Senin, 05 Oktober 2009

Bantuan kemanusiaan di sepanjang jalan menuju Ulakan - Padang Pariaman sangat minim

Sepanjang jalan dari Jati menuju Ulakan hampir semua penduduk yang terkena bencana dan posko yang didirikan di setiap Korong terutama Mangopoh Ujung yang dihuni > 350 KK belum mendapatkan bantuan kemanusiaan yang memadai. Sampai hari ini mereka baru mendapatkan 5 karung beras dan sedikit mie sehingga setiap keluarga hanya mendapatkan 2 liter beras dan 2 bungkus indomie. Kondisi Posko di salah korong terakhir yang kami temui lebih beruntung karena keluarga dari perantauan mengirimkan bantuan beras dst. Korong di kecamatan Ulakan dengan tingkat kerusakan yang parah ini dihuni >76 KK dan melibatkan anak-anak, ibu-ibu, lansia untuk mengatur bantuan kemanusiaan yang masuk. Sisa Dana dan bantuan makanan anak yang dibawa dari Bandung akhirnya diserahkan di posko tersebut untuk dibagikan secara berkeadilan kepada seluruh penduduk yang terkena bencana di korong masing-masing.

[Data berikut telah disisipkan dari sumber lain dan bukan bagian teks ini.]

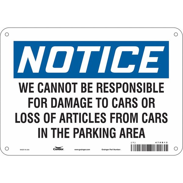 Parking Lot Damage Sign, 7" x 10, 478D12SKU G5867178Categories SafetyDescription Parking Lot Damage & Theft Advisory Parking Sign, Height 7 in, Width 10 in, Sign Material Aluminum, Sign Mounting Style Mounting Holes, Printed Language English, Sign Shape Horizontal RectanglegraingerSKU: 478D12, mscSKU: , zoro_no: G5867178, mongo_id: 65bbee06526e052139ae4ab4

Berikut kliping berita mengenai kondisi di Sumatera Barat pasca gempa

* * *
Duh, 320 Keluarga Terancam Kelaparan

Senin, 5 Oktober 2009

PADANG PARIAMAN, KOMPAS.com- Sebanyak 320 keluarga yang menghuni Korong atau Dusun Koto Tinggi, Kanagarian Gunung Padang Alai, Kecamatan V Koto Timur, Kabupaten Padang Pariaman, terancam kelaparan. Wilayah mereka terisolasi karena semua akses jalan menuju Koto Tinggi terputus dan tak bisa dilalui kendaraan roda empat. Sejak gempa terjadi, bantuan baru datang hari Minggu (4/10).
Korban gempa di Koto Tinggi kekurangan bahan makanan dan obat-obatan. Menurut salah seorang sesepuh dusun, Abdul Azis Sutan Bandaharo, tak banyak bantuan yang diperoleh masyarakat hari Minggu. Semua serba terbatas karena karena bantuan diangkut berjalan kaki, sementara jarak ke dusun kami sangat jauh dari tempat terakhir kendaraan bisa melewati jalan di simpang tiga. "Masyarakat sangat membutuhkan bahan makanan dan obat-obatan karena banyak warga kami yang sakit dan belum terobati," ujar Bandaharo, Senin (5/10).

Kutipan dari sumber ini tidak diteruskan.